First dbt-trino data pipeline

  • Przemek Denkiewicz

    Przemek Denkiewicz

    Senior Software Engineer

    Starburst

  • Michiel De Smet

    Michiel De Smet

    Software Engineer

    Starburst

Share

This is part two of the lakehouse ETL with dbt and Trino series. Start at the introduction if you haven’t already.

Now that you have set up all the required infrastructure, go through all the steps needed to install dbt and start building data pipelines.

Intro to dbt-trino

The dbt-trino adapter uses Trino as an underlying query engine to perform query federation across disperse data sources. Trino connects to multiple and diverse data sources (available connectors) via one dbt connection, and processes SQL queries. Transformations defined in dbt are passed to Trino, which handles these SQL transformation queries, and translates them to read data, create tables or views, and manipulate data in the connected data sources.
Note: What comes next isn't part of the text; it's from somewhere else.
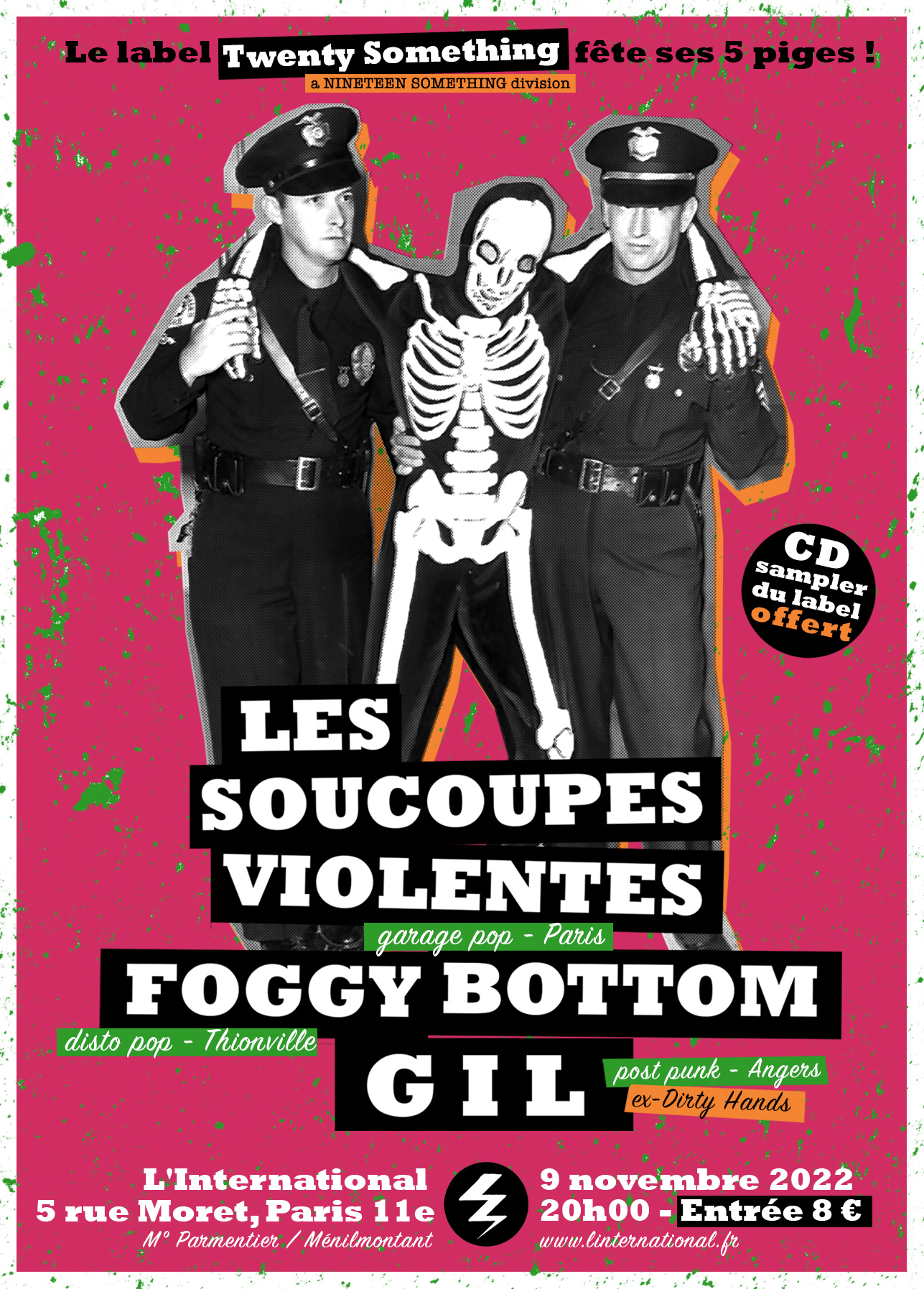 Notre division « musique actuelle » Twenty Something fête ses 5 piges. Pour célébrer cette moitié de décennie, trois des groupes du label animeront une soirée d’anniversaire le mercredi 9 novembre 2022 à l’International (Paris, 11e) : Les Soucoupes Violentes (garage pop, Paris), Foggy Bottom (disto pop, Thionville) et GIL (post punk, Angers).

How dbt works with Starburst

Installing dbt and bootstrapping your project

dbt can be installed through executing pip install dbt-trino. You need to have Python 3.7+ installed.
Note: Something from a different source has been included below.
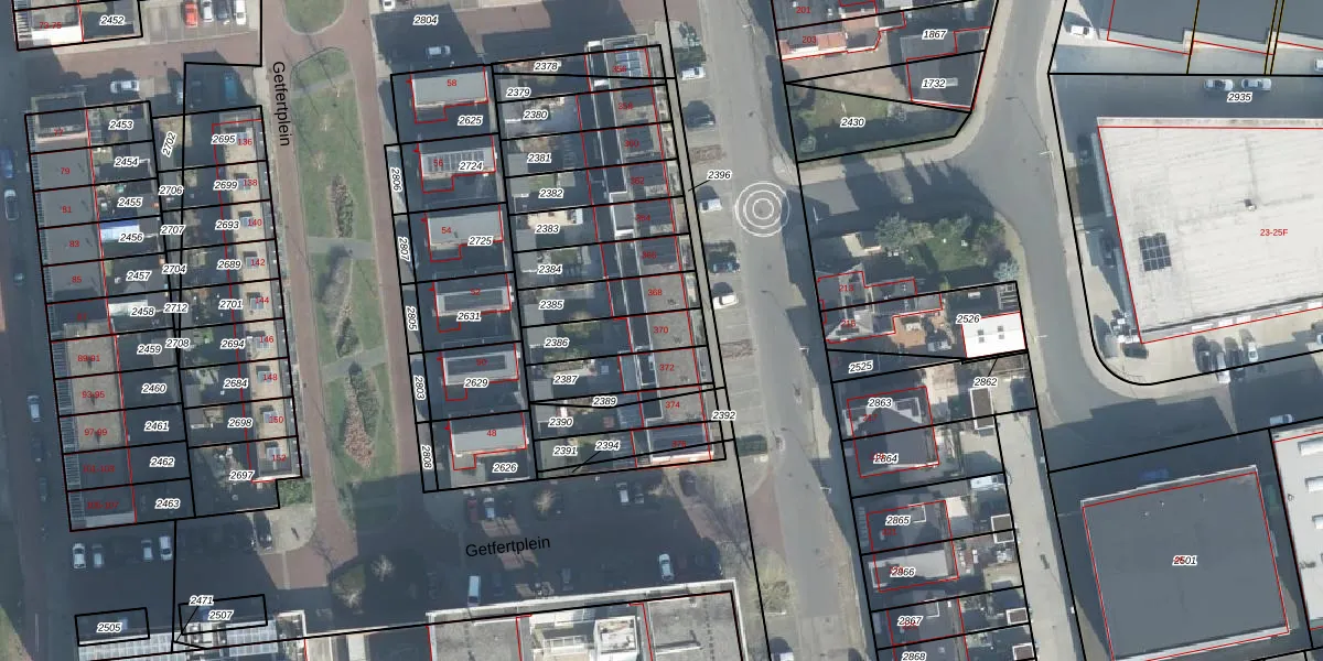 Gebruik de zoekbalk of klik op een perceel voor informatie over de adressen binnen dit perceel.

After installing, you can run dbt --version to verify the dbt installation. It should result in something like the following:

Core:
  - installed: 1.3.0
  - latest:    1.3.0 - Up to date!

Plugins:
  - trino: 1.3.1 - Up to date!

Now, bootstrap the dbt project by executing dbt init. If you’ve just cloned or downloaded an existing dbt project, like in the case of a blog, dbt init can still help you set up your connection profile so that you can start working quickly. It prompts you for connection information, and to add a profile (using the profile name from the project) to your local profiles.yml, or create the file if it doesn’t already exist. More about configuring profiles is available from the official dbt documentation.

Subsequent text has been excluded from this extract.